Q. You have already touched on this, but would you like to add something to the multidisciplinary nature of the department?

A. African American and African Diaspora Studies has always been interdisciplinary. It includes social sciences and humanities. In the past the social sciences have been predominant and after 2020 people will certainly consider this area with concerns about social justice and an interest in the Black Lives Matter movement.

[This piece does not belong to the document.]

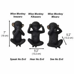 This gorgeous set of 3 Wise Monkeys Speak Hear See No Evil Resin Black Gold will bring your decor to the next level with its zen-like style and design. It will create peace and harmony to your home or be a unique gift for friends and family. Once you place them on a clean table or shelf, people will automatically witness the statues, feel at ease, and consider you a peaceful or wise person. Use them as bookends, mantelpiece ornaments, center table pieces, side table embellishments. Also nice as garden adornments in your home, office or studio. Our decorative statues are made of durable resin and are crafted with great attention to detail. Choose from our 3 wise monkeys, our elephants or our Buddha head statuette. Without a doubt, Evideco’s statuettes are clearly designed to bring wisdom and serenity in your home. Not only, this 3 mystic apes statuettes set is a nice gift on Mother’s day, Christmas, Valentine’s day. But also as a House warming present or in any other situation you wish to offer luck and prosperity. Indeed, it’s just the ideal object to show someone you love, how much he or she means to you. These Wise Monkeys Speak Hear See No Evil figurines symbolize prudence, self-discipline, humility and self-control. Evideco is your source for the perfect decorative bathroom accessory options to personalize your one-of-a-kind space.”
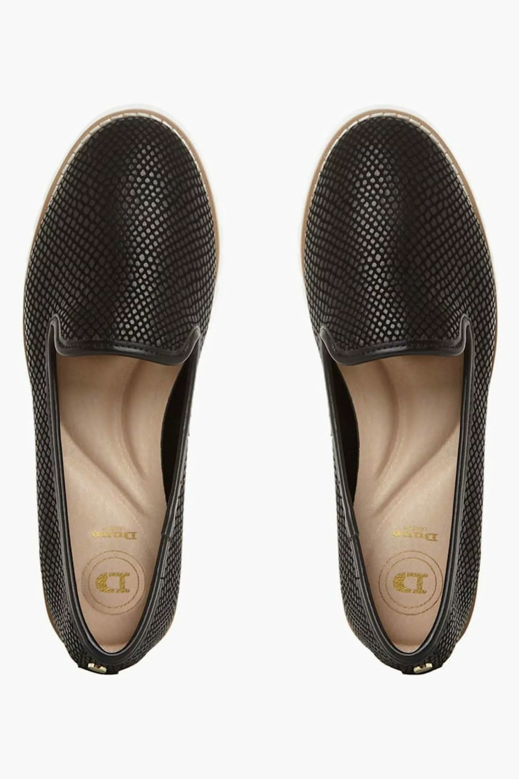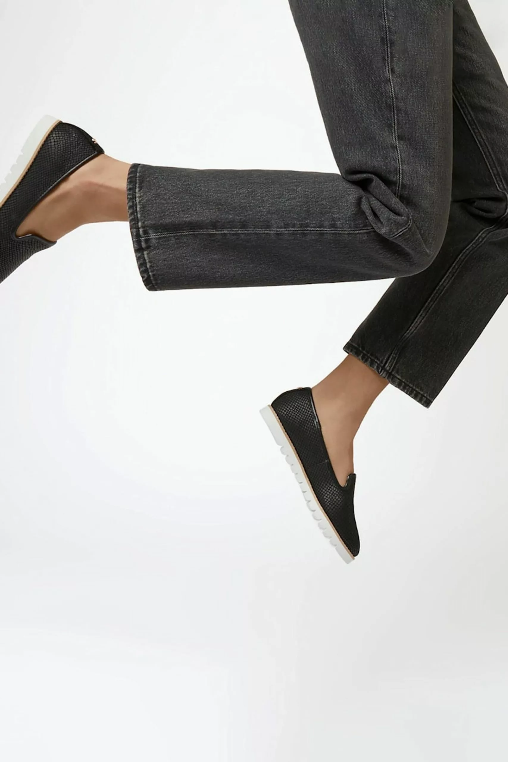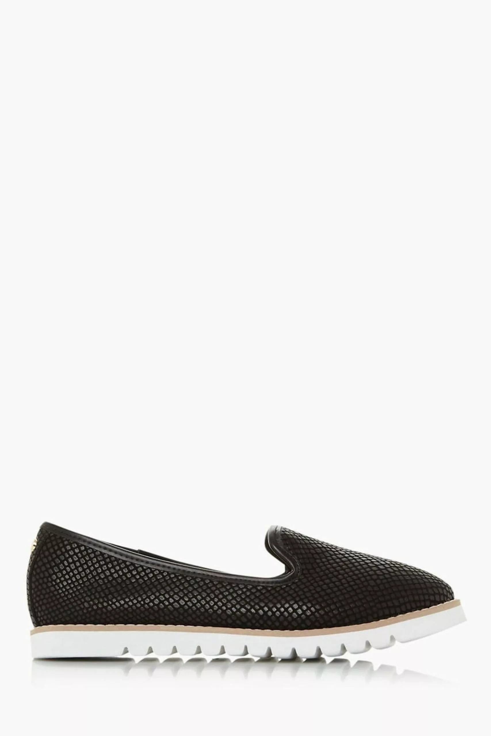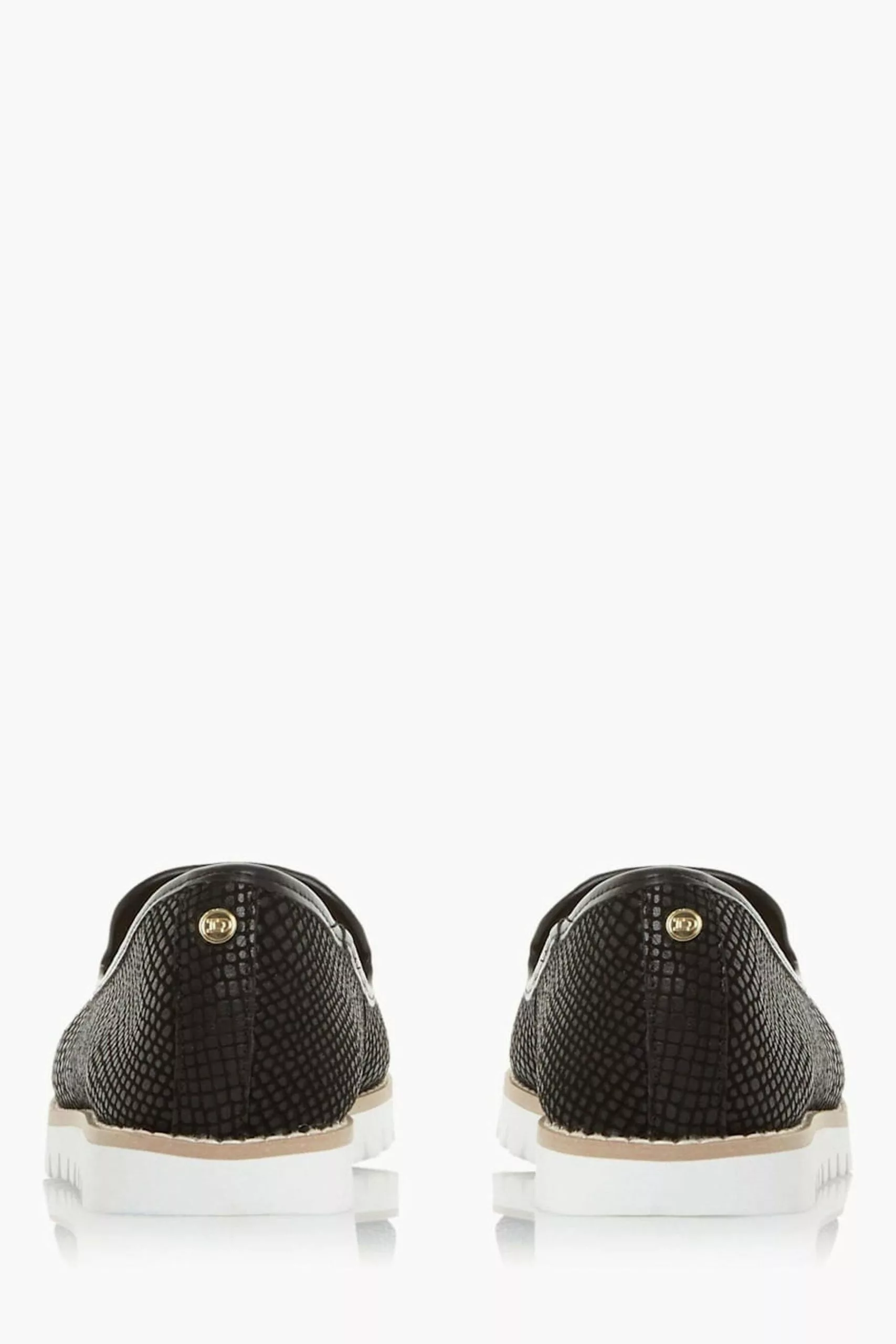 The Galleon loafer from Dune London is a versatile styling option. Showcasing a textured upper and contrasting sole. It features a slipper-cut design and a classic round toe.

But we mustn’t forget that rights movements are also driven by culture – music, posters, and other visual documentation. If you really look at social justice, activism, all kinds of political movements, and even studying people’s lives, you will come across literature, music and the visual. We have a great group of professors who work in all of these areas and understand their interrelationships.

For example, GSAPP professor Mabel O. Wilson, who co-curated the exhibition Reconstructions: Architecture and Blackness in America at the Museum of Modern Art in New York at the beginning of 2021, along with many other projects, Vincent Scully Prize. You could say that architecture is only about buildings, but Mabel’s work shows that it is so much more.

This discipline looks at these important movements of people and culture, but not only in terms of social justice and social problems, as African American life has often been viewed. We are taking a broader approach to exposing the inequalities in life and advancing the arts sheds light on this expansive approach.

Q. What impact is the department expected to have on Harlem and Morningside Heights?

A. Since our establishment by Manning Marable in 1993 as the Institute for Research in African-American Studies, we have had an urban focus and cooperate with our neighbors. I want the community to be able to use all of the department’s offers. This year our entire program is online which allows us to reach so much more people looking for this type of content. And we continue to work with local organizations.

Another Mellon-sponsored program I lead is Black Curators Matter: An Oral History Project, which we run in partnership with the Columbia Center for Oral History Research. We create oral stories with six curators who were and are still active from the 1970s to the early 2000s. These are stories that arose from the current strong interest in visual artists from Africa and the African diaspora. We never want to forget the curators who worked tirelessly to bring this art to us. They were like the bridge between 1960s activism and what we see today in relation to so many black people working in museums. That was unknown in the 1970s, 1980s, and even the 1990s and 2000s.

We are cooperating with a number of institutions on this project, including the Schomburg Center for Research in Black Culture in Harlem. Since this is an oral history project, much of it is being recorded and placed in libraries, but there is a public component that will be happening over the next year and a half. It is also an intergenerational dialogue; For example, one of the dialogues is between Lowery Stokes Sims, who was the first black curator at the Metropolitan Museum of Art in New York from 1974, and Ashley James (CC’09), who is the first full-time black curator at the Guggenheim Museum in New York where it was hired in 2019. Many blacks in the New York art world are Columbia graduates, including the Whitney Museum of Art curator Rujeko Hockley (CC’05) and MoMA curator Thomas Lax (GSAS’2013) who are also part of the Black Curators Matter project .

Q. What do you wish for the future of the department?

A. So that we can grow, not only does the faculty grow, but also the subject and student interest. We want to be a point of contact for students. We hope the rest of the university – as well as the entire Columbia community and our surrounding neighborhood – will come to terms with these stories of African American and African diaspora culture. We hope to serve all of these populations – especially at this challenging time when so many of us are threatened in so many ways – by developing our events, programs, teaching, research and visibility.